*EXERCISE INSTRUCTIONS*
Set down exactly, from the records below, the line with "冬季加厚高领毛衣女套头慵懒风2025新款时尚洋气宽松坑条打底衫女" through the line with "Echter, facettierter Turmalin", and nothing else.

*TASK INPUT*
● ● ● ● ● ● ●

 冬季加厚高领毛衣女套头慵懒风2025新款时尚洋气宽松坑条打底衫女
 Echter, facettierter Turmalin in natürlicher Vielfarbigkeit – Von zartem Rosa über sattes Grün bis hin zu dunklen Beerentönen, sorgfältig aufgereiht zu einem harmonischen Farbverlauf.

● ● ● ● ● ● ●

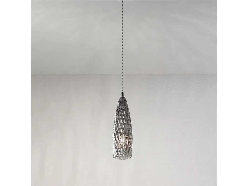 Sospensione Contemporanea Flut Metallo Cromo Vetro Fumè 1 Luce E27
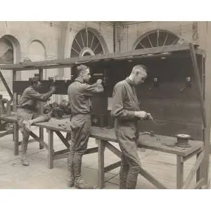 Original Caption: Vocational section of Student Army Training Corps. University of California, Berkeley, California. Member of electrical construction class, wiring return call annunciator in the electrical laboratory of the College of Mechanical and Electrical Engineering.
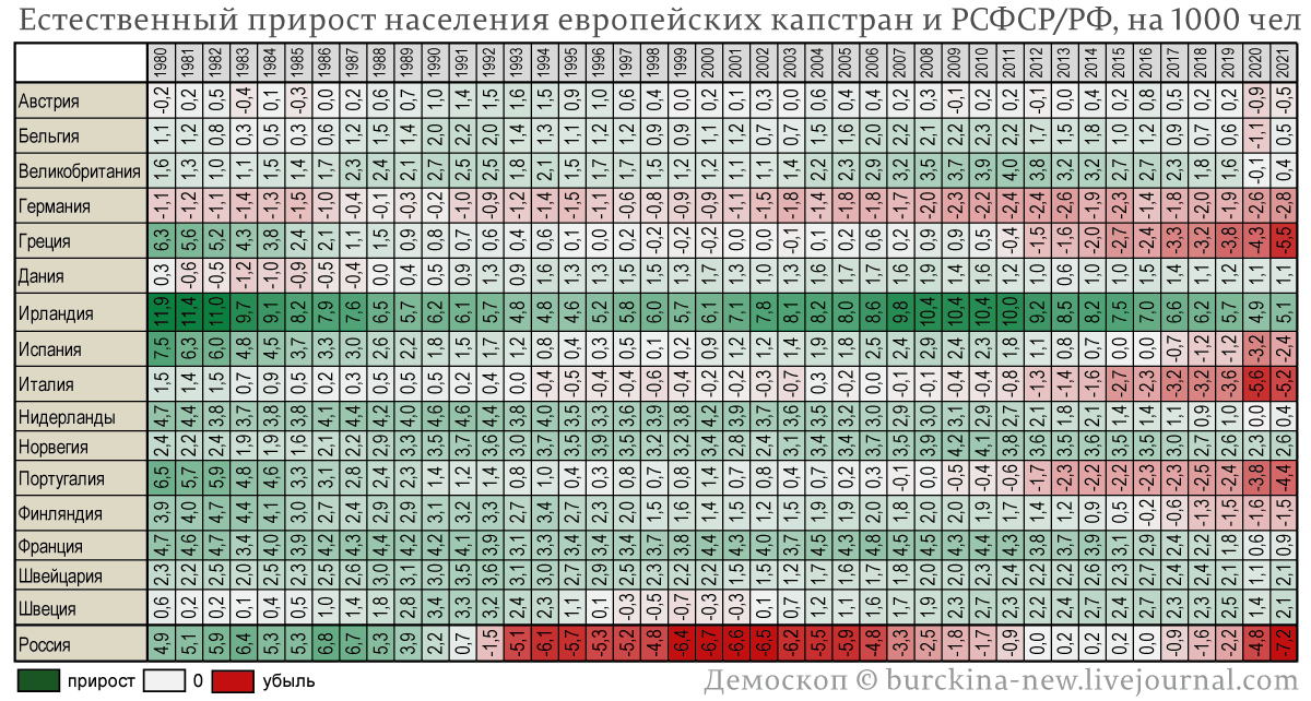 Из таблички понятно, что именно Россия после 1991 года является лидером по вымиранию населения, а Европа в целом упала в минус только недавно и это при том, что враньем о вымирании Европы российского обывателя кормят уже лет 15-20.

● ● ● ● ● ● ●

*REPLY TO THE EXERCISE*
 冬季加厚高领毛衣女套头慵懒风2025新款时尚洋气宽松坑条打底衫女
 Echter, facettierter Turmalin in natürlicher Vielfarbigkeit – Von zartem Rosa über sattes Grün bis hin zu dunklen Beerentönen, sorgfältig aufgereiht zu einem harmonischen Farbverlauf.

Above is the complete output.